While helping people now, if it provokes a housing bubble H2B could make things worse a few years down the line with overall higher prices, or the bubble could burst and people be left in negative equity.

Generally the panel thought not.

  • What are the problems of shared ownership?

This is a popular approach these days, particularly in London and banks are generally accommodating but the issue is with a change in circumstances.

If one person loses their job, the other parties still have responsibility for full payment.

A particular example of, say a 60:40 split, would need a proper legal document.

You always need to think about an exit strategy.

  • What about self employment?

You need at least 2 years of verified accounts and good advice.

This is a problem as there are an increasing number of self-employed people.

  • What to offer on a property – what discount is acceptable? 

Some properties halved in value in 2007/9 so it all depends on the market and the situation of the seller.

Try to find out why they are selling.

Agents have to tell you what other offers have been  made but if you start too low, it can affect your credibility.

  • What about gazumping?

[a process where people agree a sale but before contracts are exchanged, someone else makes a substantially better offer which is accepted].

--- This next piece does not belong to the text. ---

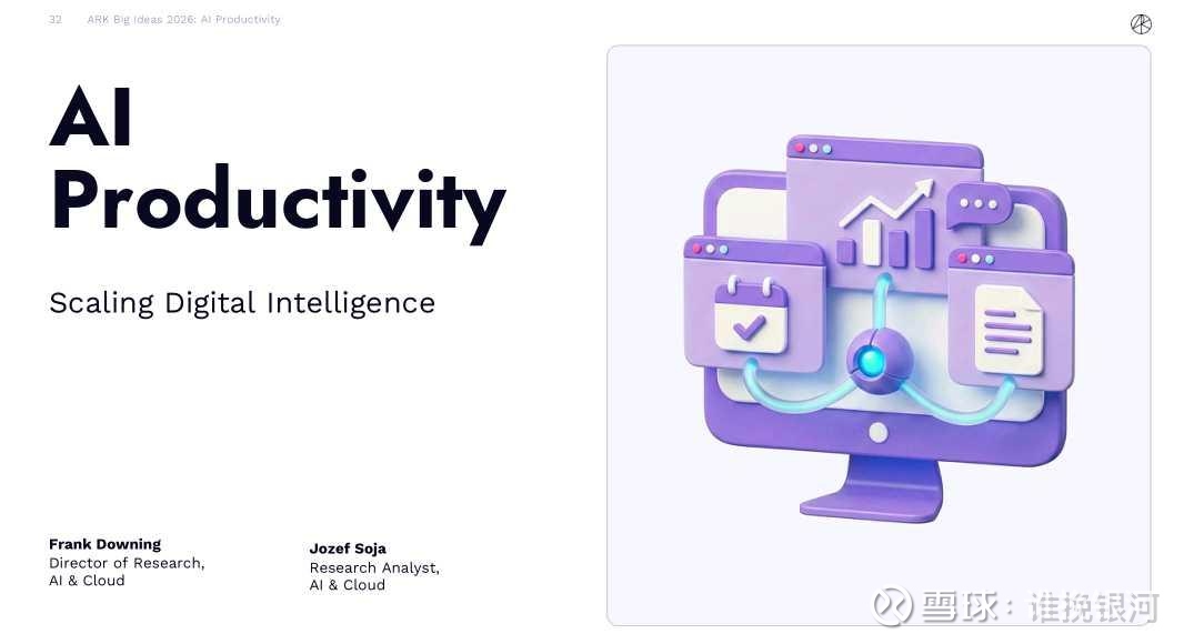 木头姐在报告中明确指出,2026年AI将从消费端向企业级深度渗透,这是AI产业发展的关键转折点 。消费端AI的天花板清晰可见,而企业级AI的市场空间无限——AI可以赋能制造、金融、医疗、物流、教育等所有产业,推动产业效率的大幅提升。以医疗产业为例,AI+精准医疗可以将癌症早筛率提升至95%,将新药研发周期缩短一半;以制造产业为例,AI+工业机器人可以实现生产线的全自动化,将生产效率提升30%以上;以物流产业为例,AI+自动驾驶卡车可以将物流成本降低50%以上,解决物流行业的人力短缺问题。

This is apparently now a problem in the most popular places.

  • Should I buy at an auction?

You have to do all your homework before bidding as you need to pay 10% immediately and complete within 28 days.

But if you are canny you can get a good deal.

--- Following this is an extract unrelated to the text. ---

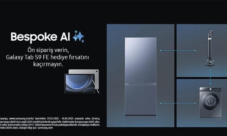 Samsung lansmana özel cazip bir kampanya ile son teknolojiyi daha fazla hayat alanına taşıyor. Kampanya kapsamında Bespoke AI Jet Ultra, seçili model alttan donduruculu Buzdolabı ve Bespoke AI Çamaşır Makinesi eserlerinden birini ön siparişle satın alanlara Galaxy Tab S9 FE tablet armağan ediliyor.

  • Is mortgage protection insurance important? 

Only if you think you need it.  It is not essential.


Remember to add up all the costs – including the Stamp Duty tax (not a small amount) and if possible get these covered by the mortgage.

Don’t forget energy efficiency and ongoing running costs.  A house needs to be well insulated but there may be subsidies and grants still available.

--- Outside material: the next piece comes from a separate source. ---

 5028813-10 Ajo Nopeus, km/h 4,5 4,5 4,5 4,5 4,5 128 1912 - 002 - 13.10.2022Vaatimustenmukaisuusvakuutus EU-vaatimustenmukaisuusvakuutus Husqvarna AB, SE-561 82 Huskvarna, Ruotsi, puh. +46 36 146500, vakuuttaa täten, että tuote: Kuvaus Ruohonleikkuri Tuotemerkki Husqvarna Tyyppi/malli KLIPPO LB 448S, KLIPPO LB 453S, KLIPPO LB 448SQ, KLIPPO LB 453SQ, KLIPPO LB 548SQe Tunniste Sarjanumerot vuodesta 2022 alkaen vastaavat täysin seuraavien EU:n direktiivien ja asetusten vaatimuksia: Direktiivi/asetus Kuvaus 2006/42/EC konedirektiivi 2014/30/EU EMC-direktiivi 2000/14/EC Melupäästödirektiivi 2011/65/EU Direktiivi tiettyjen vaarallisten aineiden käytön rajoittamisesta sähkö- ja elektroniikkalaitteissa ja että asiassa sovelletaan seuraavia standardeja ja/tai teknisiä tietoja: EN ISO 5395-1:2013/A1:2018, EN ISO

6 thoughts on “Tips for first time buyers”

    • It is almost a case of what housing collapse, Paul. The shortage of supply has ensured that most property that lost value in 2008 has made it up.

      There is a Support for Mortgage Interest programme here for people who fall on hard times but it is quite restrictive. The problems outlined in my earlier post have driven many into private rentals. At the moment a substantial amount of public money is spent on rental support. It would be better to support mortgages because while rents rise with the value of the house, mortgages don’t so it would be a lot cheaper.

      Gazumping is particularly unstabilising of course. It is impossible in some countries because an offer to buy is registered with the authorities but not so here in the freedom-loving (read OK for some) UK!

  1. I heard that property and real estate values are going through the roof now in London (but not elsewhere in England). All those rich foreigners buying homes that they don’t even use there.

    • It’s rich foreigners looking for somewhere to stash their loot. Tax laws here don’t seem to be strong enough because, at best if you can actually live here, the tax on a multi-million pound property is minimal and the yield is excellent. Even if you live elsewhere, it is still small change. Some whole roads are owned by oil sheiks and the like who never set foot in the UK and let their properties go to ruin. This makes it impossible for ordinary people, particularly those who lose their jobs, when you realise that the government really doesn’t seem to care too much either. After all their (rich) supporters all think they are doing well out of the appreciation in their own properties so it’s a win-win. As I wrote last week, housing is the toxic part of our economy.

  2. It’s never my strongest point tho’ so that’s praise indeed! I hate taking minutes at meetings generally as I always want to chip in.

    The main problem is actually reading my writing afterwards….

    The meeting went on for over 2 hours. In many ways the points echo some of my own ideas about buying houses but there were some extras that we hadn’t thought of and things that I think were missed.